Gespräch mit einer Griechin am Evros
Die jetzt kommen, sind keine Syrer, die kommen aus Afghanistan, aus Marokko, aus Pakistan
Daneben dürfte es unter den derzeitigen Bedingungen auch nicht zu weiteren Zahlungen im Rahmen der »gemeinsamen Erklärung«, des sogenannten Türkei-Deals, kommen. Angesichts seiner Verstrickung in den gewalttätigen und kriegerischen Islamismus in Syrien und der breiteren Region kommen alle diese Überweisungen einer indirekten Bezuschussung des internationalen Terrors gleich. Laut einem Bericht der »Welt« hat die Türkei nun selbst wieder »geheime Zahlungen« an die palästinensische Terrororganisation Hamas, die ihre Basis im Gazastreifen hat, geleistet. Eine erste Tranche von mehreren Millionen Dollar ging schon im vergangenen Dezember raus, nachdem man sich zuvor über mehrere Jahre – zumindest dem äußeren Anschein nach – zurückgehalten hatte. Bis zum Jahr 2017 hatte die Türkei jährlich um die 120 Millionen Dollar an die Terrororganisation gespendet. Die Zusammenarbeit mit einem solchen Spieler im Nahen Osten wäre selbst verbrecherisch.

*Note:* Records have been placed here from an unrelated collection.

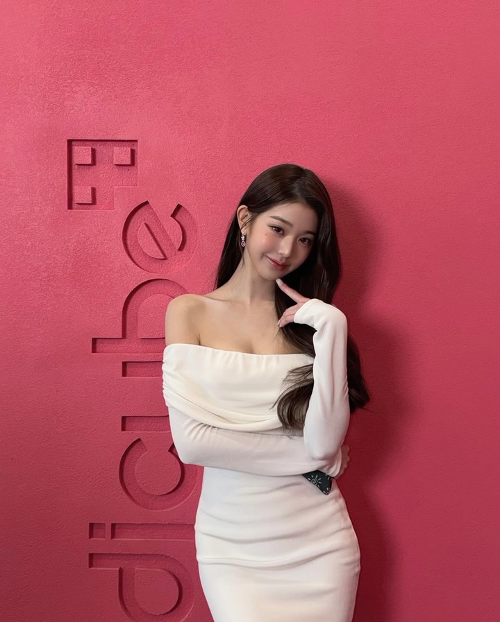아이브 멤버 장원영은 지난 11일 개인 SNS를 통해 여러 장의 사진을 게재했다. 공개된 사진 속 장원영은 오프숄더 디자인의 타이트한 화이트 드레스를 입고, 뷰티 전시 공간에서 포즈를 취하고 있다.
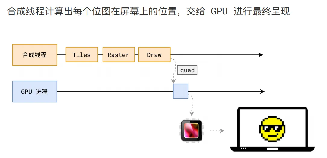 合成线程会把 quad 提交给 GPU 进程,由 GPU 进程产生系统调用,提交给 GPU 硬件,完成最终的屏幕成像。
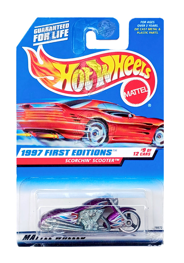 EXCLUSIVES Hot Wheels 1997 First Editions Scorchin' Scooter - Purple / Silver - 1997 Card (Card - 2) (With Protector Case)
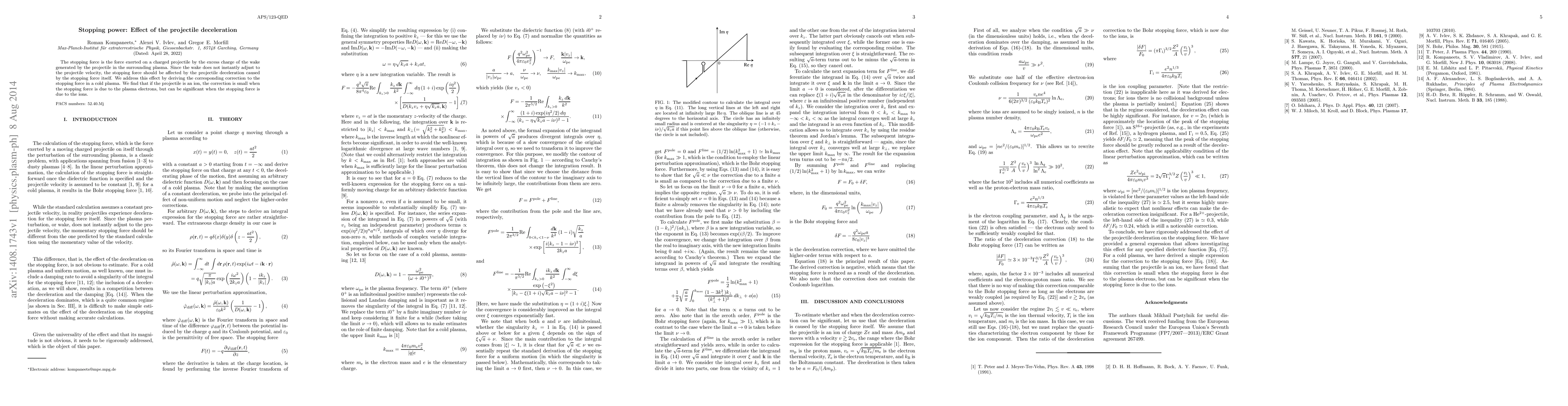 This paper investigates the deceleration effect on the stopping force exerted on a charged projectile in plasma, deriving a correction for the stopping force in a cold plasma. The correction is minor when the force is due to electrons but can be significant when it is due to ions.
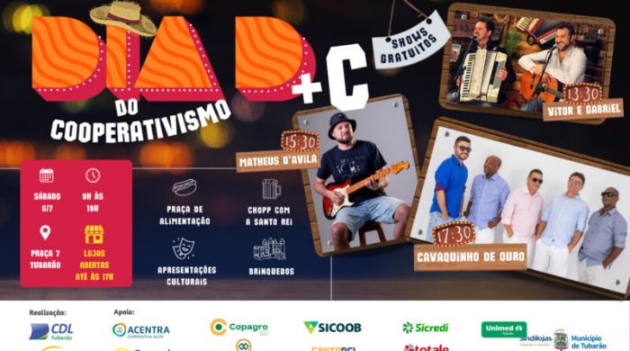 O Dia Internacional das Cooperativas, comemorado mundialmente há mais de um século e oficialmente proclamado pela Assembleia Geral das Nações Unidas em 1995, ocorre anualmente no primeiro sábado de julho. As cooperativas de Tubarão também participarão da programação.
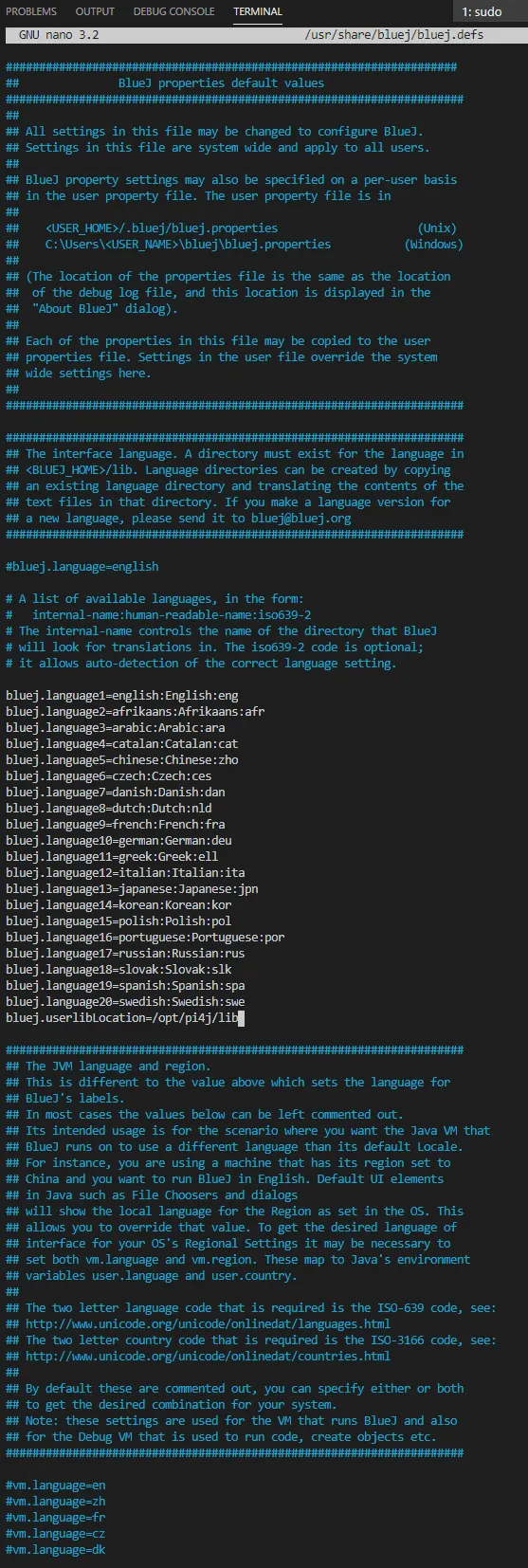 nano 에디터로 BlueJ 설정파일을 열고나서 Ctrl키와 W키를 눌러 "userlibL"를 입력하여 편집할 위치로 이동합니다. 그리고 나서 아래의 설정정보를 입력하고 저장하면 됩니다.
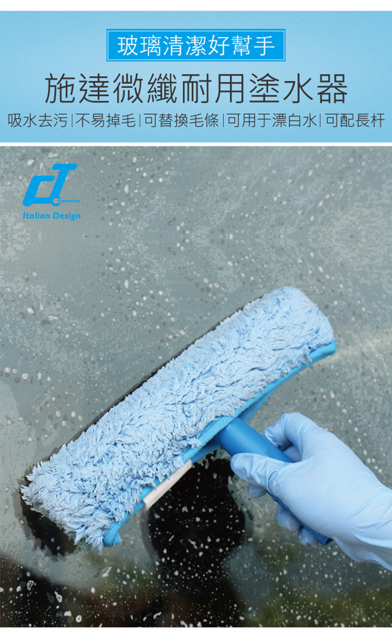 CT微纖塗水器採用超細微纖編織,吸水去污強,可直接濕水或配合清潔劑使用,塗水器毛條側邊配有刮擦布,可用來清擦頑固污漬,而毛條和手柄還能拆卸,亦可搭配長杆使用,毛條清洗之餘,也可以隨時替換,不易掉毛,可用于漂白水。
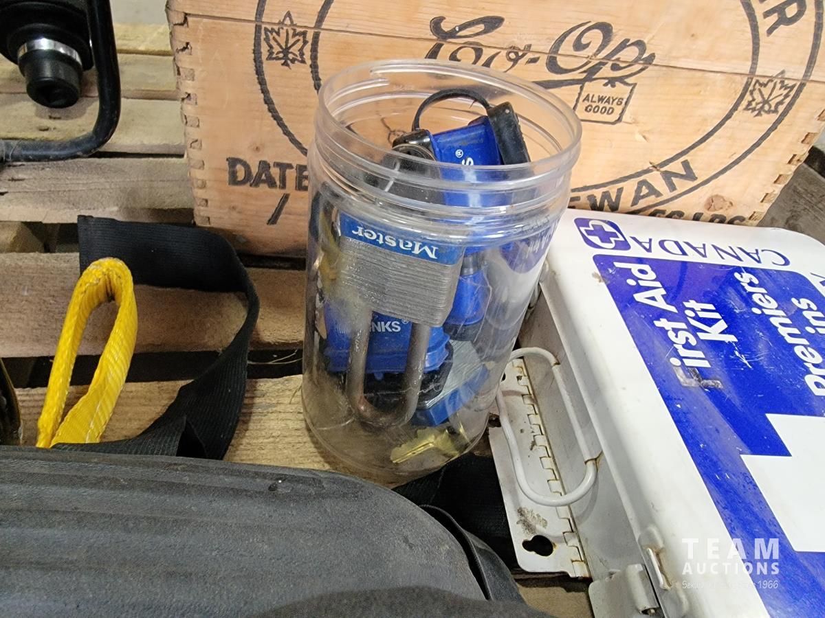 Propane heater, air bags, knee pads, regulators and qty of locks
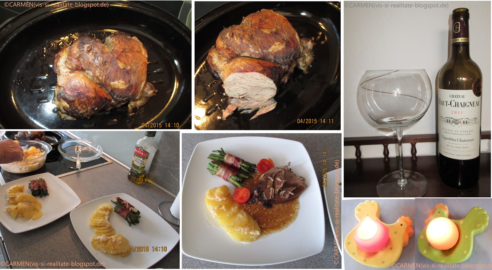 Pentru ca vinete stie orice român sa pregateasca, nu am sa scriu cum le-am preparat. Deasemenea despre pregatirea ratei si a galustelor de cartofi nu voi mai scrie, deoarece am mai facut-o aici pe blog, la fel ca si despre perele în sos de vin. Voi scrie însa câteva cuvinte despre bauturile servite.
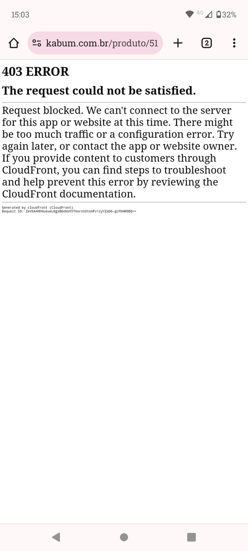 Não sei porque toda vez que tento entrar nas promoções do Kabum por aqui tá esse erro

In der Türkei selbst wächst unterdessen das Unruhepotential: Die türkischen Bauern sind wegen der ersten drei Coronavirus-Fälle im Land ebenso erschrocken wie wegen einer Heuschreckenplage, die nun aus dem Iran und Irak eindringt. Was die Pandemie angeht, will man inzwischen 2.500 Covid-19-Tests gemacht haben. Dabei finden allerdings spezielle Schnelltests Verwendung, deren Validität von manchen angezweifelt wird. Angeblich kontrolliert die Regierung die Ausgabe der Tests streng und erlaubt keine Verwendung anderer Verfahren aus dem Ausland.